Bipartisan Policy Center Inc.

04/16/2024 | News release | Distributed by Public on 04/16/2024 03:06

The Debt Limit in 2025: How Will Treasury Manage Cash on Hand

Next year, policymakers in Washington will once again confront the nation's debt limit. Its current suspension, initiated by the Fiscal Responsibility Act (FRA), ends at midnight on January 2, 2025.

One major factor in the Treasury Department's management of government finances during debt limit episodes is the cash it has on hand when a given debt limit suspension ends. The size of these cash reserves dramatically impacts the timing by which policymakers must act to avoid the worst economic outcomes that come with jeopardizing the full faith and credit of the United States. A recently released 2021 Department of Justice opinion sheds new light on how Treasury has managed its cash on hand in the leadup to recent debt limit episodes and what officials might do next year.

The X Date

Absent congressional action to raise or further suspend the debt limit, Treasury will begin using its existing cash on hand and extraordinary measures in early 2025. Because the federal government is running large annual deficits, those resources will quickly deplete and the U.S. will cross the X Date, the day on which the federal government is no longer able to meet all its obligations in full and on time. The ramifications of any missed payments could be severe. Even approaching the X Date has negative economic consequences.

Extraordinary Measures

Treasury's accounting maneuvers create additional room under the debt limit for Treasury to meet its financial obligations.

Treasury has a number of tools in its extraordinary measures toolkit, including pausing reinvestments in the Thrift Savings Plan Government Securities Investment Fund (G Fund) and the Exchange Stabilization Fund, whose securities mature daily. Treasury can also pause the crediting of interest income to the Civil Service Retirement and Disability Fund (CSRDF), and delay rollovers of maturing securities to the CSRDF.

Cash on Hand

Since 2011, Treasury's cash on hand has become an increasingly important determinant of when the X Date will arrive because Congress has generally shifted from raising the debt limit by a specified amount to suspending the debt limit for a specified period of time. From 1993 through 2011, Congress increased the debt limit 15 times and never suspended it. Since 2012, Congress has suspended the debt limit eight times and increased the debt limit just twice (both in 2021).

When Congress raises the debt limit, Treasury's net borrowing-and thereby its cash on hand-is directly constrained by that limit. In contrast, when a suspension ends, the debt limit is automatically increased by the amount of obligations the U.S. government has incurred during the suspension period.

Congress limits the increase to "necessary" obligations of the federal government during the suspension period. Several, but not all, recent debt limit suspensions have also prohibited Treasury from increasing their cash on hand balance "above normal operating balances in anticipation" of the end of the debt limit suspension period. (The FRA includes this language.)

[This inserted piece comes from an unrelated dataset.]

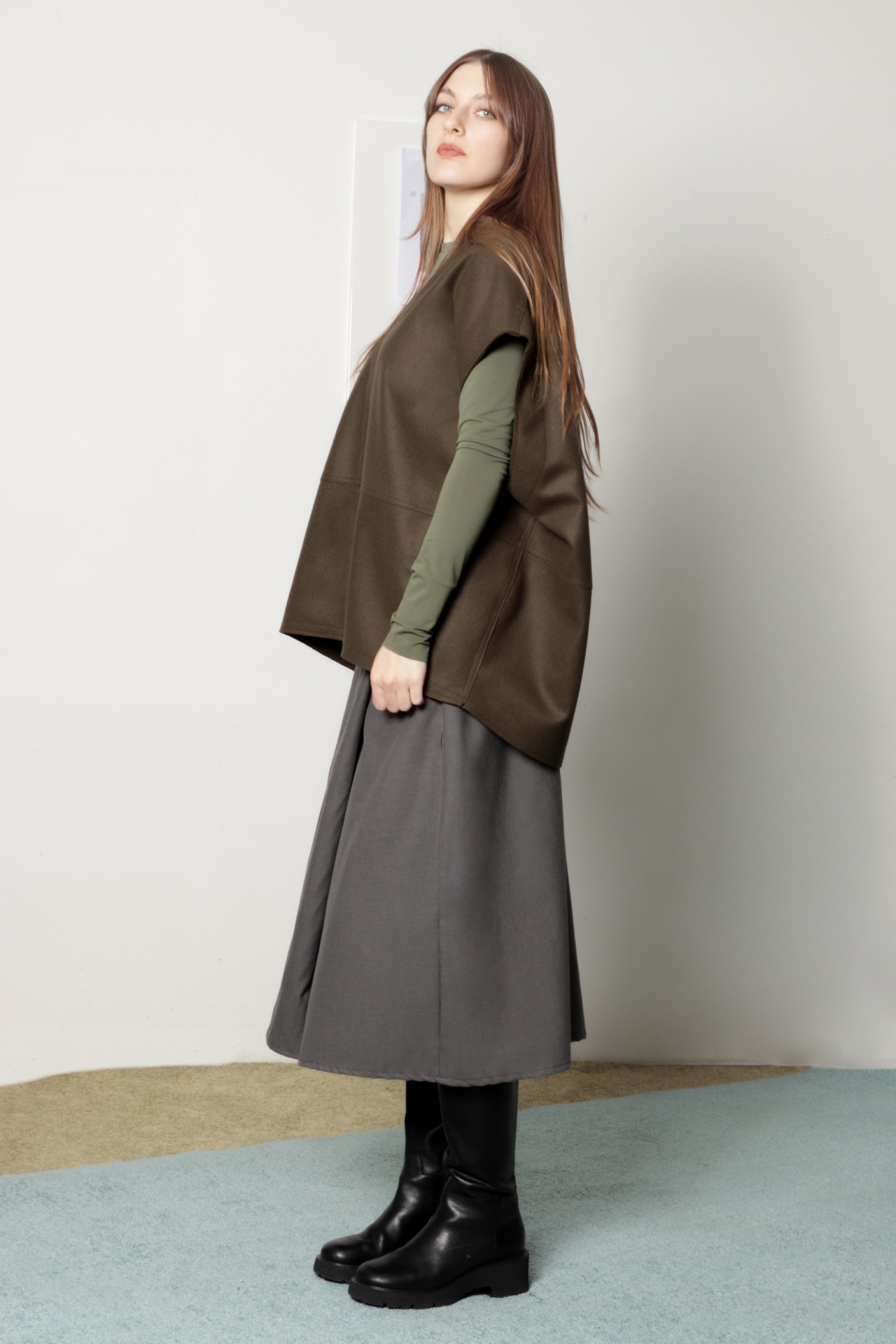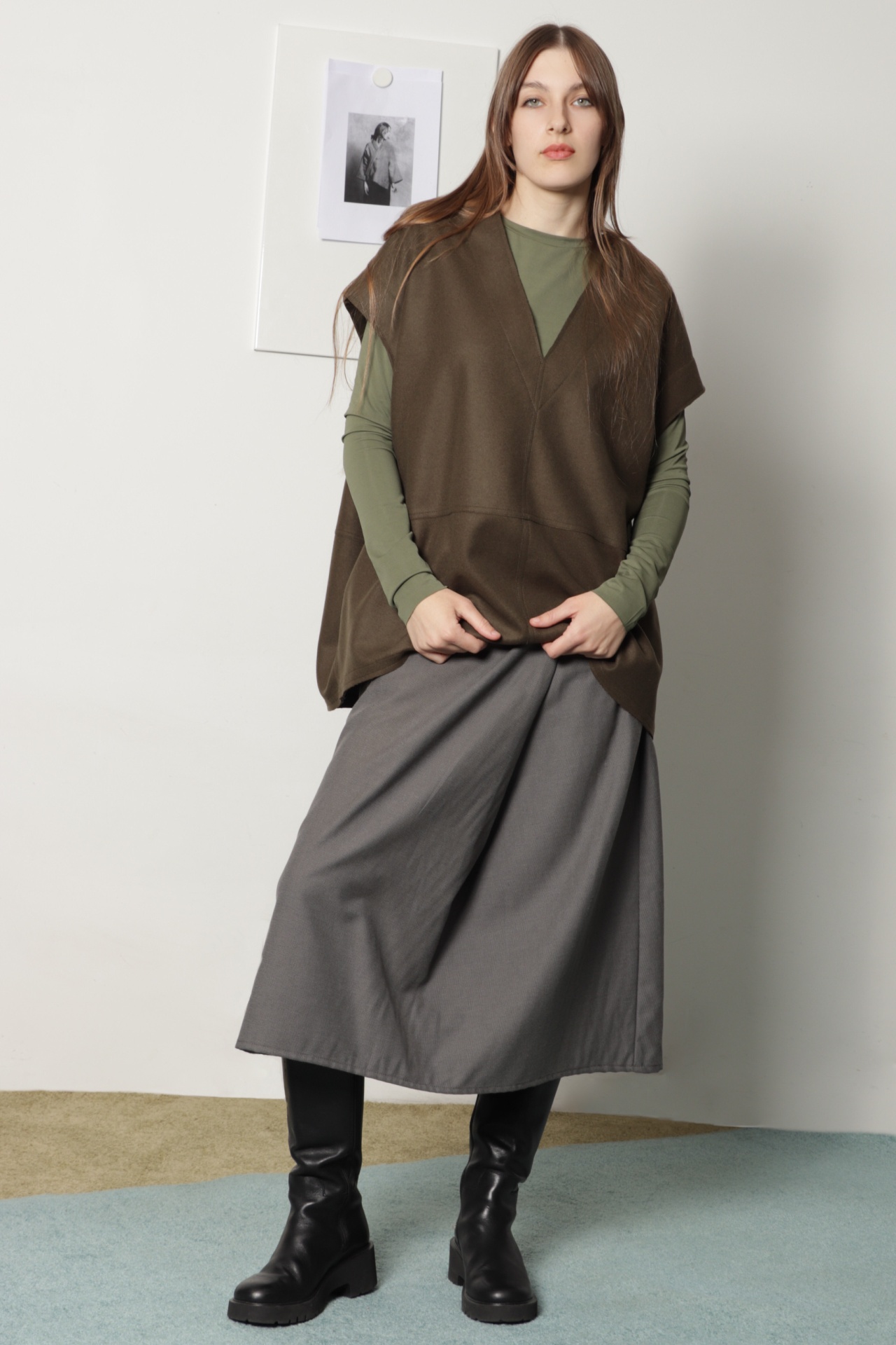 • Mulher a usar camisa verde, colete castanho, saia cinzenta e botas pretas em ambiente interior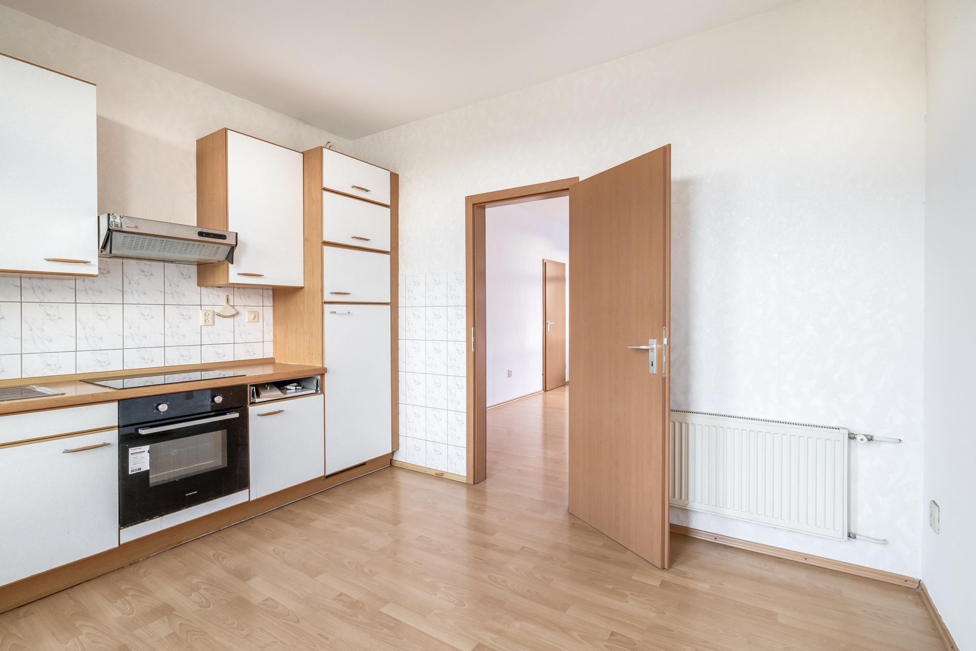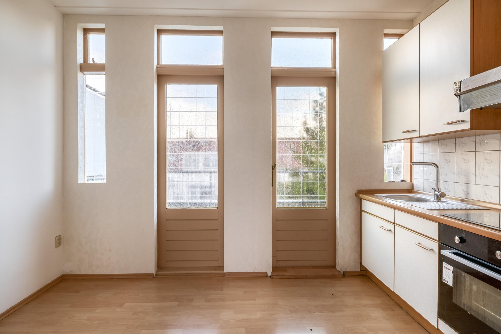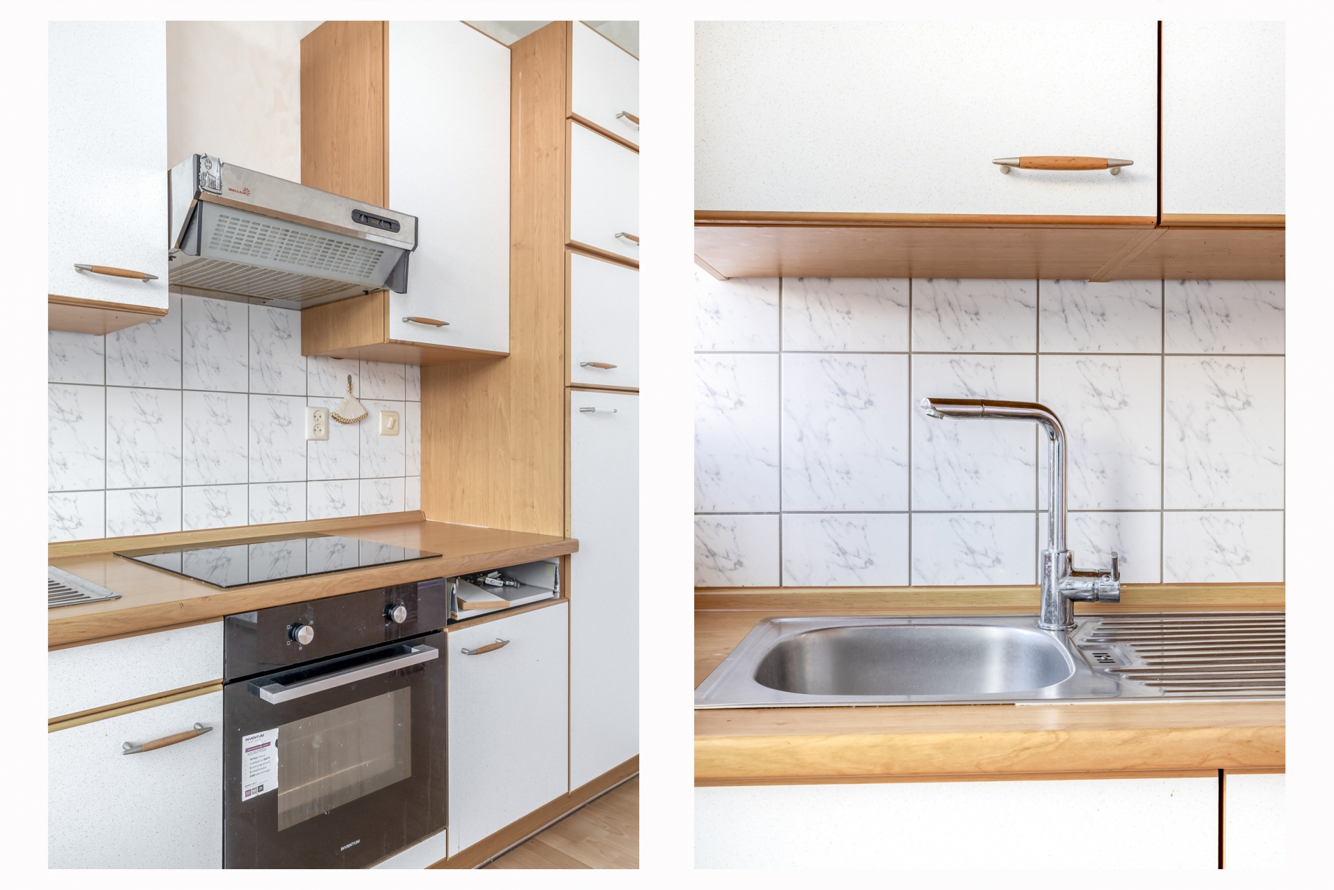 De aparte keuken is praktisch ingedeeld, met veel bergruimte en alles wat je nodig hebt binnen handbereik, waaronder een inductiekookplaat. Vanuit de keuken loop je zo het royale balkon op, een fijne plek om te genieten van de middag- of avondzon en rustig even buiten te zitten. Zo vormt de keuken een praktische en aangename ruimte, met een mooie verbinding naar het buitenleven.

Before 2021, "uncertainty" about the meaning of the statute led Treasury to draw down its cash balances to approximately match the cash on hand it at the beginning of a given suspension period. This level was often quite low, as policymakers often addressed the debt limit at the 11th hour when Treasury's reserves were dwindling.

2021 Department of Justice Opinion

A July 8. 2021, Department of Justice (DOJ) legal opinion for Treasury, that was recently made public offers some indicators of how Treasury has thought about its cash-on-hand balance in the recent past. DOJ's Office of Legal Counsel (OLC) informed Treasury that it is allowed to maintain a "standard one-week cash balance, adjusted for uncertainty and risk," rather than drawing down its cash balances "considerably" as it had when earlier debt limit suspension periods neared an end. Consequently, Treasury had $459 billion in cash on hand at the beginning of 2021 extraordinary measures.

There is significant uncertainty regarding how much cash on hand Treasury will hold come January 2, 2025. Large differences in the amount of cash on hand could have a significant impact on the X Date range. For example, Treasury dramatically reducing its cash balance to $23 billion, the amount it had at the time of suspension (from approximately $700 billion as of early April 2024), would likely lead to an X Date before the influx of tax season revenues, whereas a much larger starting cash balance-as implied by the release of this OLC opinion-would mean an X Date further into the year, as reserves can cover the shortfall between spending and revenue for a longer period of time.

Updates and data releases later in the calendar year should provide more clarity about how much cash Treasury expects to have on hand come January 2, 2025.